§ Your assignment: Take nothing but the lines from the one with "MR2200ac 搭配 Qualcomm®" through the one with "这是一本少儿英语书。故事内容" in the entries below, both ends kept, and return them exactly with pictures left out.

§ Material shown:

Segment Open

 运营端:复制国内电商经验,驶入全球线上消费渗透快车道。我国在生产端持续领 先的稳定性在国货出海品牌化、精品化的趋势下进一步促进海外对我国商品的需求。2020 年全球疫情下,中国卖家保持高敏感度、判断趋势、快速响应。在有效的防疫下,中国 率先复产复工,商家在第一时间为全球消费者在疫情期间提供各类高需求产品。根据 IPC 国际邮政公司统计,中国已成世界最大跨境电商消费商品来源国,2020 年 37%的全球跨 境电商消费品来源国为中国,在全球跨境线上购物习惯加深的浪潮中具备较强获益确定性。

Segment Closed
Segment Open

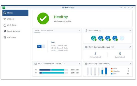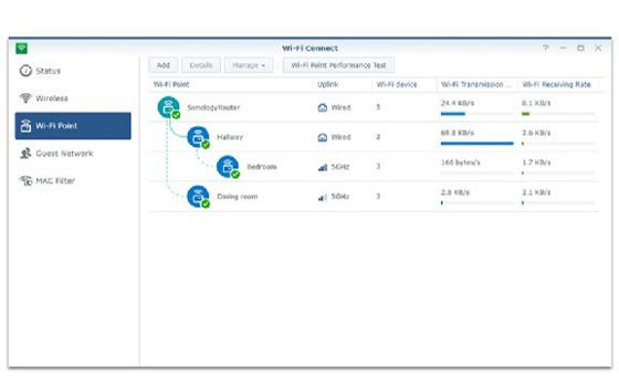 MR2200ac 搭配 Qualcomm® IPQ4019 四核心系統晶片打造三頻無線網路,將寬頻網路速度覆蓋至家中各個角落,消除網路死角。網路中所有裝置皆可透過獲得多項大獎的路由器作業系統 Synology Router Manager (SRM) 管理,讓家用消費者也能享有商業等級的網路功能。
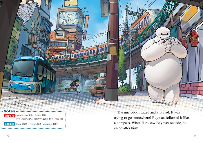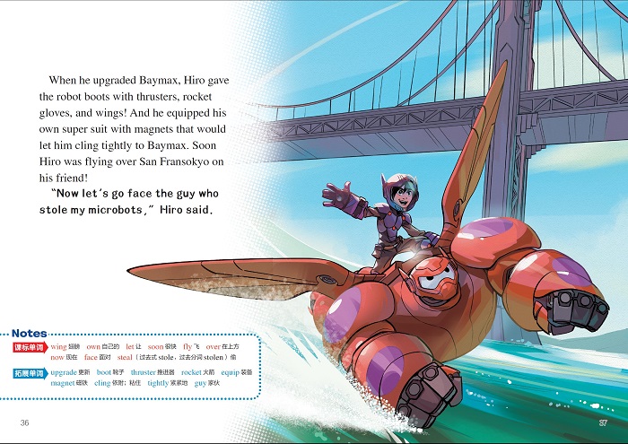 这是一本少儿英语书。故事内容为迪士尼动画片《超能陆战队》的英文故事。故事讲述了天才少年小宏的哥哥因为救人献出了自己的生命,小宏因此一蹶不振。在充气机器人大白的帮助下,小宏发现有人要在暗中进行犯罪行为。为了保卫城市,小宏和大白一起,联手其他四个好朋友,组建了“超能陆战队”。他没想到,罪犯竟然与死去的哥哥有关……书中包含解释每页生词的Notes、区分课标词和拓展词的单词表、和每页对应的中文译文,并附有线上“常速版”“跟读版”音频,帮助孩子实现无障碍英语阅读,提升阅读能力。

Segment Closed
Segment Open

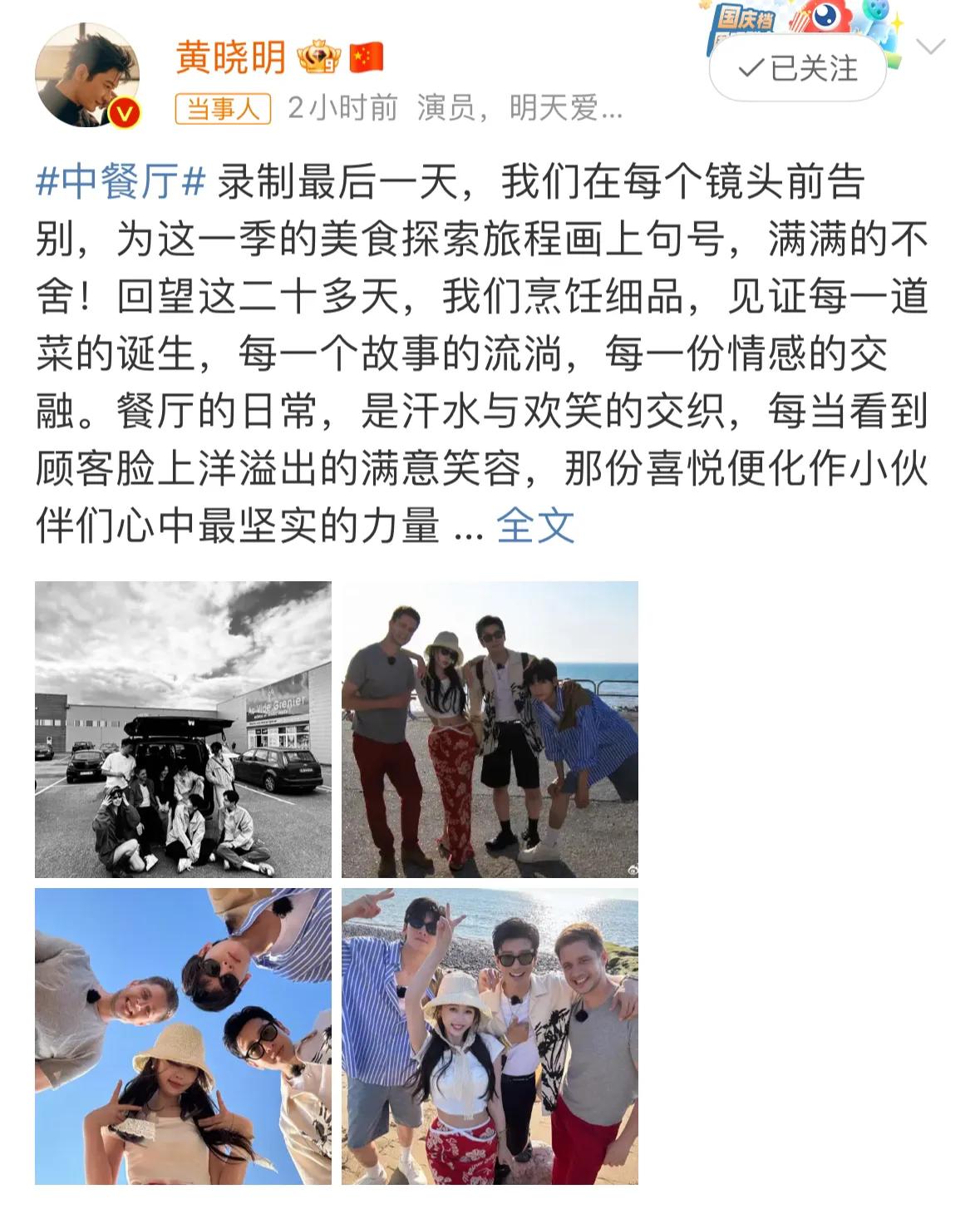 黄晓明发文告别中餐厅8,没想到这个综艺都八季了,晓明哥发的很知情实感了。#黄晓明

Segment Closed

§ Solution for this task:
 MR2200ac 搭配 Qualcomm® IPQ4019 四核心系統晶片打造三頻無線網路,將寬頻網路速度覆蓋至家中各個角落,消除網路死角。網路中所有裝置皆可透過獲得多項大獎的路由器作業系統 Synology Router Manager (SRM) 管理,讓家用消費者也能享有商業等級的網路功能。
 这是一本少儿英语书。故事内容为迪士尼动画片《超能陆战队》的英文故事。故事讲述了天才少年小宏的哥哥因为救人献出了自己的生命,小宏因此一蹶不振。在充气机器人大白的帮助下,小宏发现有人要在暗中进行犯罪行为。为了保卫城市,小宏和大白一起,联手其他四个好朋友,组建了“超能陆战队”。他没想到,罪犯竟然与死去的哥哥有关……书中包含解释每页生词的Notes、区分课标词和拓展词的单词表、和每页对应的中文译文,并附有线上“常速版”“跟读版”音频,帮助孩子实现无障碍英语阅读,提升阅读能力。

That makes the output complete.